Entiendo que el Ciudadano Valls no haya querido esperar al próximo Sant Jordi para publicar su biografía. Si no consigue situarse entre los más leídos es mejor no tentar a la suerte porque el alcaldable de las élites no gestiona bien los fracasos políticos a pesar de que encadena unos cuantos. Hace pocos días presentó en Barcelona el libro Manuel Valls, vuelvo a casa de la mano de Mario Vargas Llosa, otro gran patricio demócrata venido a menos desde que se habla más de su nueva esposa que de su última novela. El negro debe de haber escrito el libro a toda prisa y hay que felicitarlo por la proeza porque trabajar a las órdenes de un ególatra no tiene precio.

El relato es una primera aproximación fascinante al que será su programa electoral y tendría que ser lectura obligada de la hAda Colau si le abandona la inspiración. El ex-ministro francés debe de haber leído en La Vanguardia que el acceso a la vivienda es la gran preocupación de los barceloneses y que en la ciudad hay poco suelo disponible, por eso propone la construcción de rascacielos como respuesta a la falta de pisos. Gran idea. Lo que no acaba de concretar en su propuesta porciolista de “crecer hacia arriba” es si la suya es la vía Manhattan o la vía banlieue. Visto su pedigrí, yo no descartaría que fuera la segunda porque la mayoría de los barceloneses que buscan desesperadamente una vivienda asequible son pobres.

El Ciudadano Valls es gato viejo de la política y, por tanto, un hábil equilibrista. Por eso es republicano en Francia y monárquico en España. “Hoy ser republicano en el mundo, en Europa y en España no es oponerse a la monarquía, es oponerse a la tiranía”, asegura. Es igual que monarquía y tiranía hayan ido históricamente de la mano y que la monarquía borbónica que él defiende con la vehemencia de un converso la pusiera un dictador. El martillo de herejes de inmigrantes pobres no puede contener su ramalazo de estadista frustrado y se pierde divagando sobre un plan marshall europeo para el continente africano y rememorando su relación con Obama y Merkel. Se nota que el vestido de alcaldable le viene pequeño.

La gestión de la hAda Colau es el centro de sus dardos envenenados. “La ciudad está más sucia y no es tan segura como lo era antes”, insiste obviando el impacto que el turismo masificado tiene en este escenario apocalíptico y dejando claro que el discurso de la inseguridad de la extrema derecha europea será el eje central de su campaña.
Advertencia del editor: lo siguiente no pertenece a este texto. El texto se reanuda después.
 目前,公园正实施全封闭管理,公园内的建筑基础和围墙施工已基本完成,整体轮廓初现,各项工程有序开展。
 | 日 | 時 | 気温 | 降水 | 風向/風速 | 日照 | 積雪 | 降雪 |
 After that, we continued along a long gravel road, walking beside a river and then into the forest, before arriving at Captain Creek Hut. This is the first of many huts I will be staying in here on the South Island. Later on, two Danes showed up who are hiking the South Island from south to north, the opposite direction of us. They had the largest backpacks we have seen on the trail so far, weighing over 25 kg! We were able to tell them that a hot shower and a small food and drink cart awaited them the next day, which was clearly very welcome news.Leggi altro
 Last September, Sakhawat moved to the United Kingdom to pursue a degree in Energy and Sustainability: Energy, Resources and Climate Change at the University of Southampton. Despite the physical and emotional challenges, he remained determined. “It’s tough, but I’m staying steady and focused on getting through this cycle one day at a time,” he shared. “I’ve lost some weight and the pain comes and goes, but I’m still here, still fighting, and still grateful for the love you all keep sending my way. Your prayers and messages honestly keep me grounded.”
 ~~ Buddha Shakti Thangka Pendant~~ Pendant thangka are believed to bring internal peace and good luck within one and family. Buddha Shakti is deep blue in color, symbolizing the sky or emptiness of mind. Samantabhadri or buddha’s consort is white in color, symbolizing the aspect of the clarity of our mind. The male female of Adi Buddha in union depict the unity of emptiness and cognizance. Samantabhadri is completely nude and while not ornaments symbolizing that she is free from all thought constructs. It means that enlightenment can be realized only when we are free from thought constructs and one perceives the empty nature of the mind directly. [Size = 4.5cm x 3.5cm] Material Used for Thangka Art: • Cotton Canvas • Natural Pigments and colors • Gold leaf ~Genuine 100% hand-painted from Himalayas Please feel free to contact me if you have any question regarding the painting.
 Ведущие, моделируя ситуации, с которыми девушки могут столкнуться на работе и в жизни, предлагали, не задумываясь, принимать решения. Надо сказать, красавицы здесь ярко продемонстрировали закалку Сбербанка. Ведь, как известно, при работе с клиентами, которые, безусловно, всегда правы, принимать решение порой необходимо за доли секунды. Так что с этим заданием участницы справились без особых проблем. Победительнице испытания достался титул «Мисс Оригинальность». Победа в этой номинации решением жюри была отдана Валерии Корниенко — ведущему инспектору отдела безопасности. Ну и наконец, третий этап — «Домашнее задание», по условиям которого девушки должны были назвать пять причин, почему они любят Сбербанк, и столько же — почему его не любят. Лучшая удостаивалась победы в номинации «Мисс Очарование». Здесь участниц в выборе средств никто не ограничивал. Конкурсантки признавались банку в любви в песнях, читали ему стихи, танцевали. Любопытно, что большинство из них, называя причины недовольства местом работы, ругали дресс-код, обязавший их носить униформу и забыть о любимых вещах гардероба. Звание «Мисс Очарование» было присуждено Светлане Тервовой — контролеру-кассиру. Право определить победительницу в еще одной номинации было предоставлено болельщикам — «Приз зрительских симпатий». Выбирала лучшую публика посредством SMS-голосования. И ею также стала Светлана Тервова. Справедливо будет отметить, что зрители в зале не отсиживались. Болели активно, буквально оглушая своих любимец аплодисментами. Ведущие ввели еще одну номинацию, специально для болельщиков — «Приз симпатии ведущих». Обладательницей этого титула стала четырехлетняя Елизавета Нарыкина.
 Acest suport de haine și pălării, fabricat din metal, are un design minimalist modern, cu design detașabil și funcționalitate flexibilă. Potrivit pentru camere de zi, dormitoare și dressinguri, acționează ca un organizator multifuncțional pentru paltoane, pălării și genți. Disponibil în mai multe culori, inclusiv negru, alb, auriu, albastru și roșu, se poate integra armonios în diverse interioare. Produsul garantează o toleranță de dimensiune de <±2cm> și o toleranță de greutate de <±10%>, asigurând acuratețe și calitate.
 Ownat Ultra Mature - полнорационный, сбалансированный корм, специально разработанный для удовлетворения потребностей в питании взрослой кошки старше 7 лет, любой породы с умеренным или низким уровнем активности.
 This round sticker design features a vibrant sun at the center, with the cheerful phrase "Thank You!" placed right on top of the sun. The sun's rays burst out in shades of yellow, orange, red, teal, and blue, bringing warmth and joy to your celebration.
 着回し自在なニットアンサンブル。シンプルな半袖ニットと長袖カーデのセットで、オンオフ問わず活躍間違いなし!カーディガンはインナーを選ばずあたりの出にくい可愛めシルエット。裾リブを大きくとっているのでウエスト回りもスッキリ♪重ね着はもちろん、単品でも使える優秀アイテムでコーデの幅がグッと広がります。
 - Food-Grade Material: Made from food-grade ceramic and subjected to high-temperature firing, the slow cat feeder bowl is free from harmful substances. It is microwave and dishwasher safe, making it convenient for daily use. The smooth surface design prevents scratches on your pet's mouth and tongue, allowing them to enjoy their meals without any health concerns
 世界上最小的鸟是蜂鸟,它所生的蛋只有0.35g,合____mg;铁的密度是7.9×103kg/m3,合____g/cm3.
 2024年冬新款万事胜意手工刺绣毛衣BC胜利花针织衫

Ya sabemos que las buenas noticias no compran votos, pero el Ciudadano Valls tendría que leerse la obra del médico y educador sueco Hans Rosling. Como mínimo le cambiaría esta cara de pocos amigos que gasta. Le resumiré las líneas básicas del pensamiento optimista de Rosling en una sola frase: “La mayoría de la gente, incluidos políticos y expertos, opina a la ligera sobre el estado del mundo sin tener datos ni estadísticas reales para juzgar”.
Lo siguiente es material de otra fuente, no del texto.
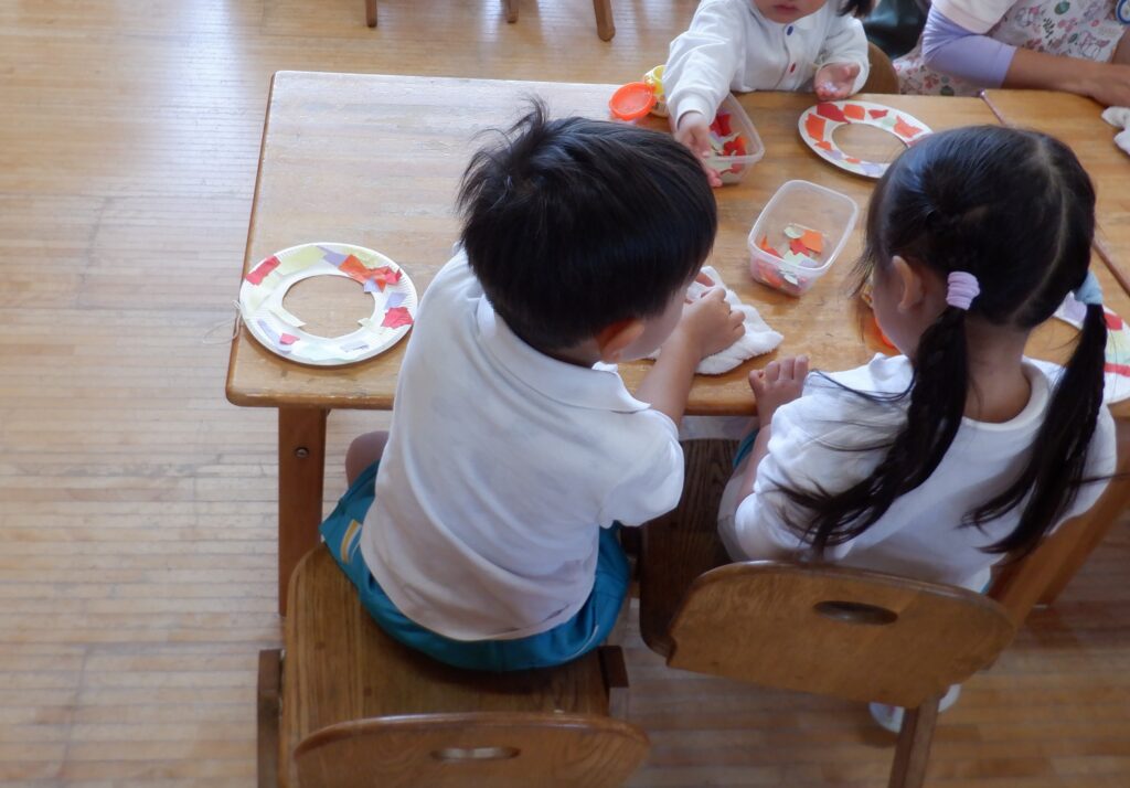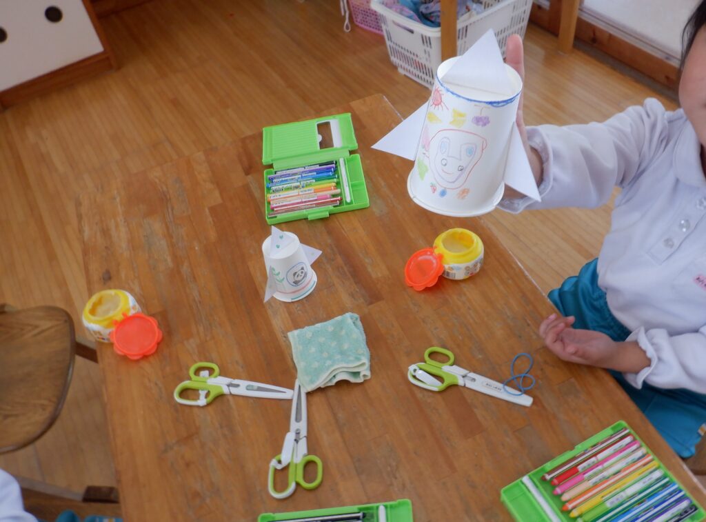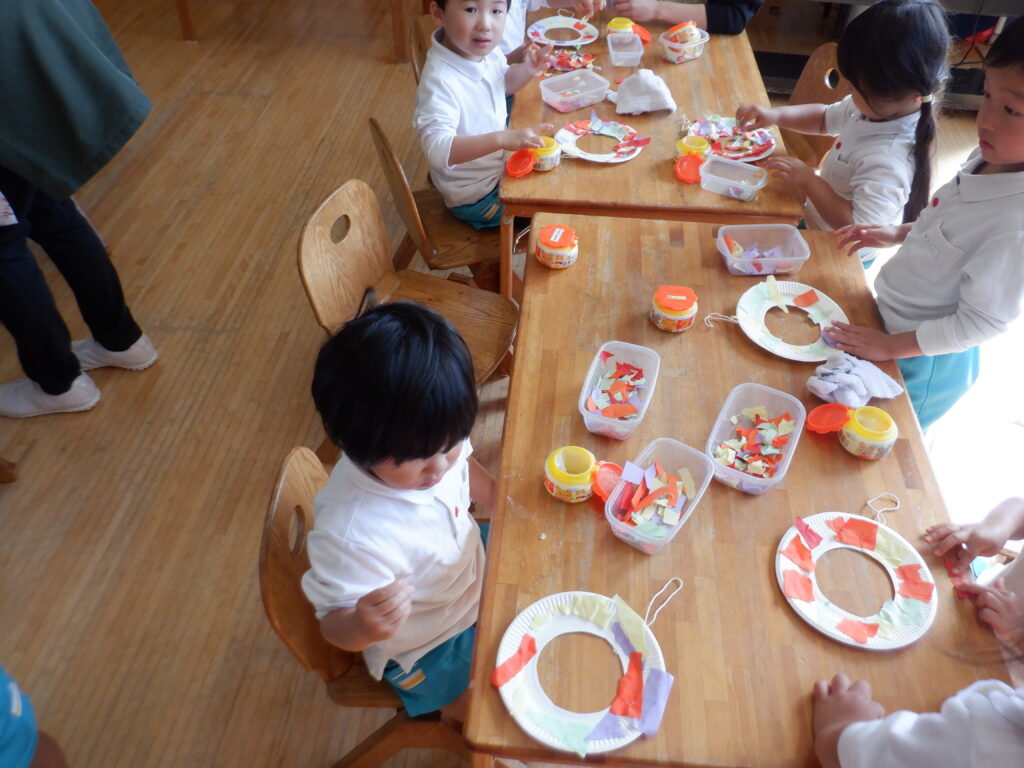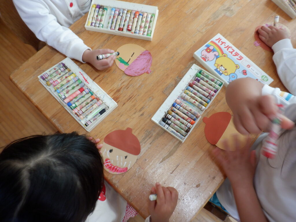 ドングリの顔を書いて、リースに貼ったら完成です。
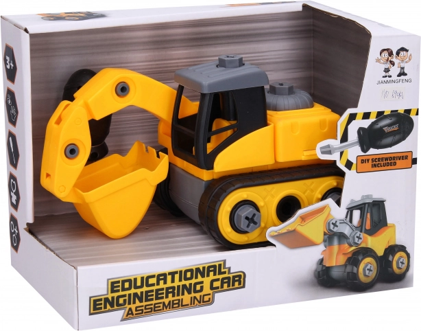 Schroefbare graafmachine voor kleine bouwers, ideaal voor het ontwikkelen van motorische vaardigheden. Geniet van het plezier bij het in elkaar zetten en weer uit elkaar halen!
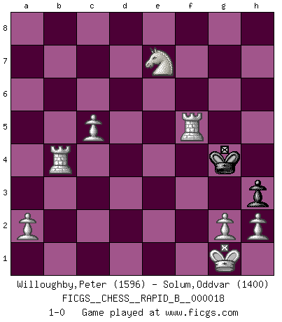 Last move : 1-0 2006 December 15 6:30:24 [Event "FICGS__CHESS__RAPID_B__000018"] [Site "FICGS"] [Date "2006.10.03"] [Round "1"] [White "Willoughby,Peter"] [Black "Solum,Oddvar"] [Result "1-0"] [WhiteElo "1596"] [BlackElo "1400"] 1.e4 e5 2.Nf3 d6 3.c3 c6 4.d4 Bd7 5.dxe5 dxe5 6.Nxe5 Be6 7.Qxd8+ Kxd8 8.Nd2 h5 9.Bc4 Nf6 10.Bxe6 fxe6 11.Nf7+ Ke7 12.Nxh8 g5 13.Ng6+ Kf7 14.Nxf8 Kxf8 15.O-O Nbd7 16.f3 Rd8 17.Nc4 Nc5 18.Bxg5 Kf7 19.Bxf6 Kxf6 20.Rad1 Rg8 21.e5+ Kg6 22.b4 Na4 23.Rd3 Kh6 24.Nd6 Nb2 25.Rd2 Rg5 26.Rxb2 Rxe5 27.Nxb7 a5 28.f4 Re3 29.Nxa5 Rxc3 30.f5 exf5 31.Rxf5 Rc1+ 32.Rf1 Rc5 33.bxc5 h4 34.Nxc6 Kg5 35.Ne7 Kg4 36.Rf5 h3 37.Rb4+ 1-0 This chess game has been lost on time (started : 2006.10.03 15:6:10) Philidor's defense Kingside Castling by player White (move 15) 10 pieces endgame at move 34 : White KRRNPPPP , Black KP WHITE : King + 2 Rooks 1 Knight 4 Pawns BLACK : King + 1 Pawn Player White won this chess game. Follow this game move after move (download)I won't play with you anymore. You have insulted my friend. - When an opponent cursed himself for a blunder. (Miguel Najdorf) Es tut gut, die Entwicklungsperiode von, [...] demokratischem Geist durchdringen zu lassen. Wie undemokratisch wäre es doch beispielsweise, den einen Offizier große Spaziertouren vornehmen zu lassen, während die anderen zu Hause säßen und sich entsetzlich langweilten. (Aaron Nimzowitsch) Si el Ajedrez es una ciencia, es la mas inexacta. Si el Ajedrez es un arte, es demasiado inexacto para ser visto como tal. Si el Ajedrez es un deporte, es demasiado esotérico. Si el Ajedrez es un juego, es demasiado exigente para ser solo un juego. Si el Ajedrez es una aventura, es una muy demandante. Si el Ajedrez es una pasión, es una muy gratificante. Si el Ajedrez es la vida, es una muy triste. (Anónimo) Vous m'avez demandé de vous exposer quel est le fondement de la prière. Je ne fais que préparer les pièces du jeu sur la table... Nous sera-t-il permis d'en adopter les règles et si nous les appliquons scrupuleusement nous ne tarderons pas à faire mat le Roi divin ! Il ne pourra échapper à nos mains. (Sainte Thérèse d'Avila, Chemin de perfection) Think like a man of action, act like a man of thought. (Henri Louis Bergson)

Se nota que el Ciudadano Valls no es feliz porque su sonrisa de la portada es una mueca y en la distancia corta siempre está a la defensiva. El vendedor de humo cae continuamente en contradicciones argumentales que le humanizan y a duras penas puede disimular que él es el candidato de Ciudadanos y no el líder de una plataforma fantasma formada por “catalanistas moderados, socialistas y gente de centro derecha”. Una tensa entrevista en el Huffington Post donde el periodista le pregunta sobre la utilización que el partido de Albert Rivera hace del populismo revela la cara más temible –la de verdad- del antiguo vecino de Horta. A su lado, el terrible Darth Vader es Bambi. Así que será mejor no perderle de vista no sea el caso que acabe siendo alcalde.